The data
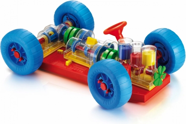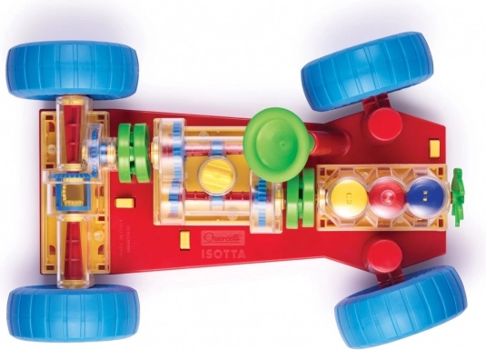 Een ingenieus speelgoed dat kinderen en hun ouders uitnodigt om te ontdekken hoe een echte auto werkt. Alle basismechanische functies zijn hier nauwkeurig gereproduceerd. Bij de motor zien kinderen hoe de cilinders en de krukas werken en hoe deze verbonden zijn met de versnellingsbak, die een werkende schakeling met 3 standen heeft (neutraal, 1e en 2e versnelling). Het differentieel brengt de beweging over op de achterwielen en maakt het mogelijk dat ze onafhankelijk van elkaar draaien. Alle mechanische onderdelen kunnen eenvoudig aan het chassis worden bevestigd en net zo gemakkelijk worden losgemaakt met speciale geveerde gele knopjes. Het stuur werkt en maakt het mogelijk de auto te laten sturen of in te parkeren. Kinderen kunnen de auto ook aan de voor- en achterzijde optillen met speciale verrijdbare steuntjes en door aan de slinger van de voorste te draaien de hele mechaniek in beweging zetten. Bij het schakelen van de verschillende versnellingen zien ze hoe de snelheid van de wielen en de cilinders verandert. In de neutraalstand merken ze ook hoe de motor en het differentieel van elkaar worden losgekoppeld. Geschikt voor kinderen vanaf 3 jaar. Belangrijkste kenmerken: basismechanische functies zijn gereproduceerd, werkend stuur en mechanische onderdelen, voor kinderen vanaf 3 jaar
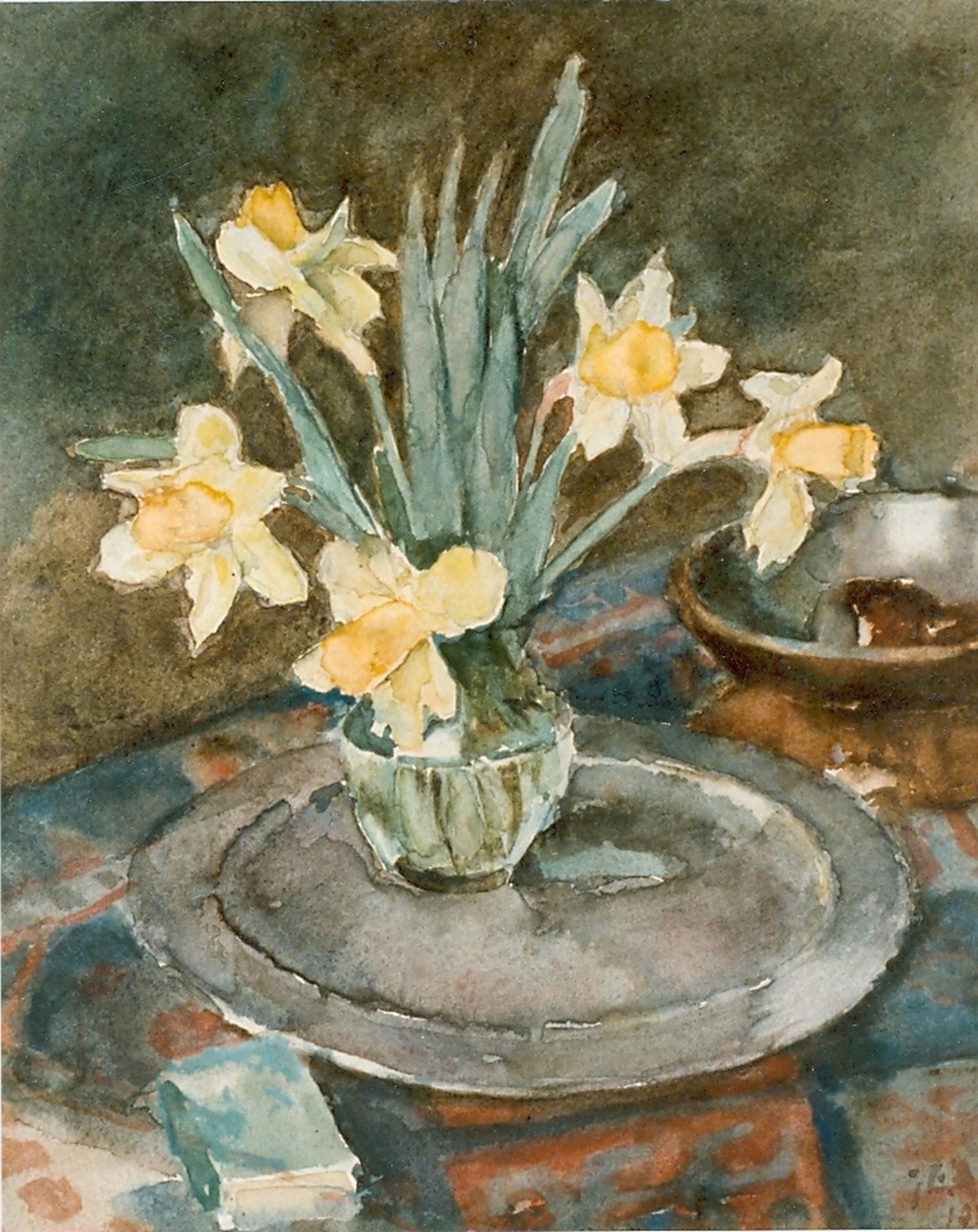 Akkeringa J.E.  | Johannes Evert 'Jan' Akkeringa, Daffodils in a vase, Aquarell auf Papier 31,0 x 26,0 cm, signed l.r. und dated 1952
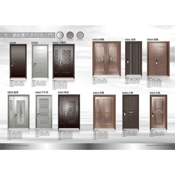 玄關門、防火門、銅雕門、鋼木門、房間門、浴廁門、拉門、硫化銅門、車庫門、通風門、鍛造門、三合一通風門、氣密窗、玻璃防火門、橫拉式防火門、庭園門、防盜門、鍛雕鋼板、180°前後推開防火門、F60A木製防火門、F60A鋼製防火門、鋼木複合防火門、陶瓷玻纖門、F60A木製防火門FRP玻纖、F60A防火鋼木門鋼框鑄鋁板、F60A防火鋼FRP玻纖、F60A防火鋼木門木質肚板、F60A防火鋼木門CNC、玻璃防火門、鋼木複合防爆門、木門、浴室門鍛造門、民宿門、高級白鐵玄關、高級鑄鋁、淋浴拉門、木製防火門、鋼製防火門、玻璃防火門、門鎖、防火鋼木門、陶瓷玻纖門、溝槽門、鋁合金浴廁門、鋁合金房間門、ABS浴廁門、晶雕彩繪門、氣密窗安裝、白鐵門安裝、鑄鋁門安裝、日式花鑄鋁門、宿舍門、白鐵穿梭管防盜門、直三段硫化銅、烤漆雙玄關、昶實浴廁門、南檜實木門、硫化銅防盜門、孔雀開屏鍛造花、金松木門、白鐵信箱門、半氣密窗、排骨門、ABS尿隔屏、屋頂後門

Your assignment
Across the whole listing, reproduce each line verbatim and exclude every picture.

Solution for this task
 Een ingenieus speelgoed dat kinderen en hun ouders uitnodigt om te ontdekken hoe een echte auto werkt. Alle basismechanische functies zijn hier nauwkeurig gereproduceerd. Bij de motor zien kinderen hoe de cilinders en de krukas werken en hoe deze verbonden zijn met de versnellingsbak, die een werkende schakeling met 3 standen heeft (neutraal, 1e en 2e versnelling). Het differentieel brengt de beweging over op de achterwielen en maakt het mogelijk dat ze onafhankelijk van elkaar draaien. Alle mechanische onderdelen kunnen eenvoudig aan het chassis worden bevestigd en net zo gemakkelijk worden losgemaakt met speciale geveerde gele knopjes. Het stuur werkt en maakt het mogelijk de auto te laten sturen of in te parkeren. Kinderen kunnen de auto ook aan de voor- en achterzijde optillen met speciale verrijdbare steuntjes en door aan de slinger van de voorste te draaien de hele mechaniek in beweging zetten. Bij het schakelen van de verschillende versnellingen zien ze hoe de snelheid van de wielen en de cilinders verandert. In de neutraalstand merken ze ook hoe de motor en het differentieel van elkaar worden losgekoppeld. Geschikt voor kinderen vanaf 3 jaar. Belangrijkste kenmerken: basismechanische functies zijn gereproduceerd, werkend stuur en mechanische onderdelen, voor kinderen vanaf 3 jaar
 Akkeringa J.E.  | Johannes Evert 'Jan' Akkeringa, Daffodils in a vase, Aquarell auf Papier 31,0 x 26,0 cm, signed l.r. und dated 1952
 玄關門、防火門、銅雕門、鋼木門、房間門、浴廁門、拉門、硫化銅門、車庫門、通風門、鍛造門、三合一通風門、氣密窗、玻璃防火門、橫拉式防火門、庭園門、防盜門、鍛雕鋼板、180°前後推開防火門、F60A木製防火門、F60A鋼製防火門、鋼木複合防火門、陶瓷玻纖門、F60A木製防火門FRP玻纖、F60A防火鋼木門鋼框鑄鋁板、F60A防火鋼FRP玻纖、F60A防火鋼木門木質肚板、F60A防火鋼木門CNC、玻璃防火門、鋼木複合防爆門、木門、浴室門鍛造門、民宿門、高級白鐵玄關、高級鑄鋁、淋浴拉門、木製防火門、鋼製防火門、玻璃防火門、門鎖、防火鋼木門、陶瓷玻纖門、溝槽門、鋁合金浴廁門、鋁合金房間門、ABS浴廁門、晶雕彩繪門、氣密窗安裝、白鐵門安裝、鑄鋁門安裝、日式花鑄鋁門、宿舍門、白鐵穿梭管防盜門、直三段硫化銅、烤漆雙玄關、昶實浴廁門、南檜實木門、硫化銅防盜門、孔雀開屏鍛造花、金松木門、白鐵信箱門、半氣密窗、排骨門、ABS尿隔屏、屋頂後門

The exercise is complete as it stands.